DirecTV dishes out a strong Q4

'Impressive' sub additions contribute to profit, revenue gains

Shares of satellite TV provider DirecTV Group rose 5.8% on Wednesday after the company reported stronger-than-expected fourth-quarter subscriber gains and other key figures and sounded bullish on its 2007 outlook.

The stock closed at $25.35 after hitting a 52-week high of $26.09 in intraday trading. It was the third-biggest gainer Wednesday on The Hollywood Reporter's Showbiz 50 stock index.

Fellow satellite firm EchoStar Communications also set 52-week highs Wednesday, going as high as $42.51 before ending the day up 1.9% at $42.07.

El Segundo, Calif.-based DirecTV is controlled by News Corp., which has agreed to a sale of its controlling stake to John Malone's Liberty Media.

The company's fourth-quarter profit nearly tripled, from $121 million a year ago to $356 million, with revenue up 16% to $4.2 billion.

DirecTV added 275,000 net subscribers in the U.S. during the latest quarter, up from 200,000 a year ago. This marked the first year-over-year increase in user gains in several quarters, its strongest quarter of net adds since first-quarter 2005 and brought DirecTV's total customer base to 16 million.

Merrill Lynch analyst Jessica Reif Cohen called the subscriber gains "impressive" but suggested that "a significant amount of turmoil" in the cable sector might have contributed to them. She cited the weakness in Los Angeles and Dallas cable systems previously owned by Adelphia Communications as well as the dispute between Mediacom Communications and Sinclair Broadcast Group, which the firms ended last week.

Churn, or subscriber losses, declined from 1.7% a year ago to 1.57%, lower than analysts expected. Wall Street observers said that DirecTV's recent focus on higher-quality subscribers by way of tougher credit checks was a key driver of its improvement.

DirecTV also said its average subscriber-acquisition cost fell from $639 to $626, and its average revenue per user rose 6.8% — its highest growth rate in more than two years — from $75.53 to $80.70.

"Fourth-quarter results point to the continuing progress and operating strength at DirecTV U.S." and also reflects "the competitive strength of our business," DirecTV president and CEO Chase Carey said.

Factors dragging down the bottom line in the fourth quarter were higher upgrade and retention costs, but Carey highlighted that this mainly was because of more users signing up for HDTV and DVR services. "These high-value subscribers generate the highest ARPU, lowest churn and greatest cash flow for DirecTV over the long term," he said.
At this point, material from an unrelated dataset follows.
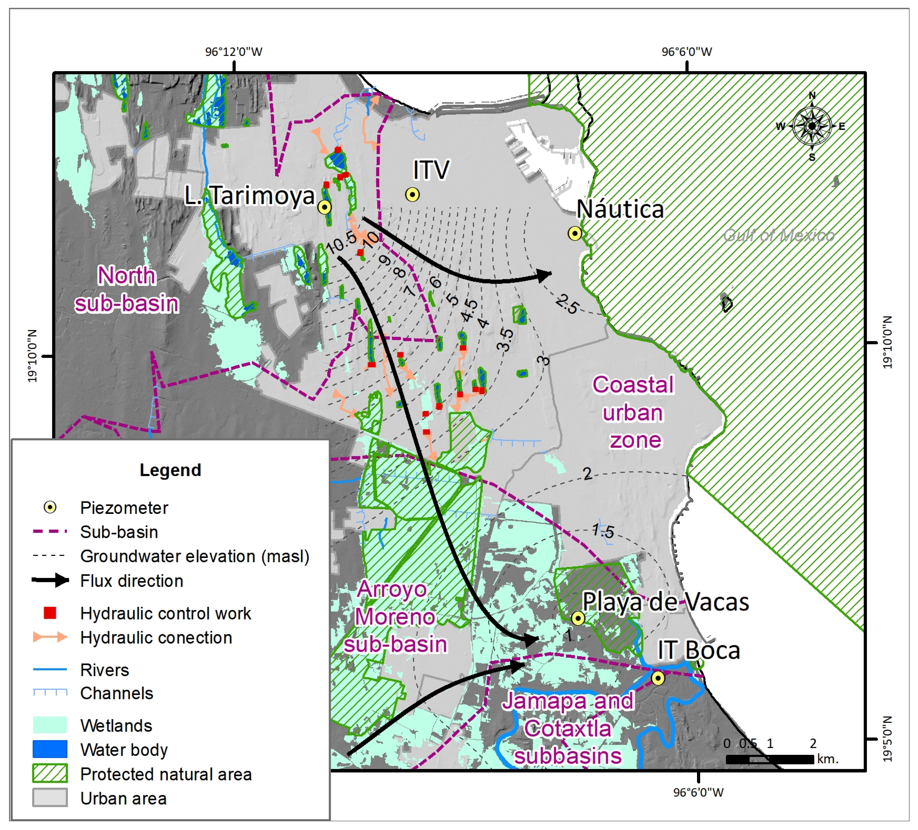 The Veracruz–Boca del Río–Medellín conurbation—combining a port city, an industrial center, and a tourism hub—has expanded over dunes and wetlands. The importance of wetlands within Veracruz city and nearby areas is recognized in multiple conservation strategies. Four protected natural areas are present in the region: the Arroyo Moreno mangroves (287 ha), the Tembladeras–Laguna Olmeca freshwater marshes (1069 ha), the dune lakes within Veracruz city (944 ha), and the nearby reef system (65,516 ha). This study analyzes wetlands from both landscape and local perspectives, using selected dune lakes within the urban area as case examples.

With 2007 still in its early stages, Carey said, "we have many reasons to be excited." He cited the launch of up to 100 national HD channels in the second half and new programming offers, including NASCAR HotPass, the Championship Gaming Series and DirecTV On Demand.

Overall, he predicted "even better results" from DirecTV's U.S. operation in 2007 than 2006 and "a big year" for the company.

Carey added that the company expects to add about the same number of subscribers this year as it did in 2006 — about 820,000. Revenue should rise more than 10%, according to the guidance. Churn should decline from 1.6% to 1.5%, and average revenue per user should climb more than 5%, Carey also predicted.

Analysts cheered the latest quarterly earnings but remained cautious on satellite TV firms' longer-term competitive outlook amid the current strength of cable operators' bundled service offerings.

"DirecTV operating results were fairly strong across the board," Goldman Sachs analyst Anthony Noto said in a report Wednesday. "We are encouraged by these strong operating results and healthy subscriber additions in the face of cable's triple-play gains and the (telecom companies') video rollout."

However, he added that "we still believe that satellite in general is at a long-term competitive disadvantage to cable and will need either stronger partnerships with the (telecom firms) or significant investment soon in broadband to remain competitive."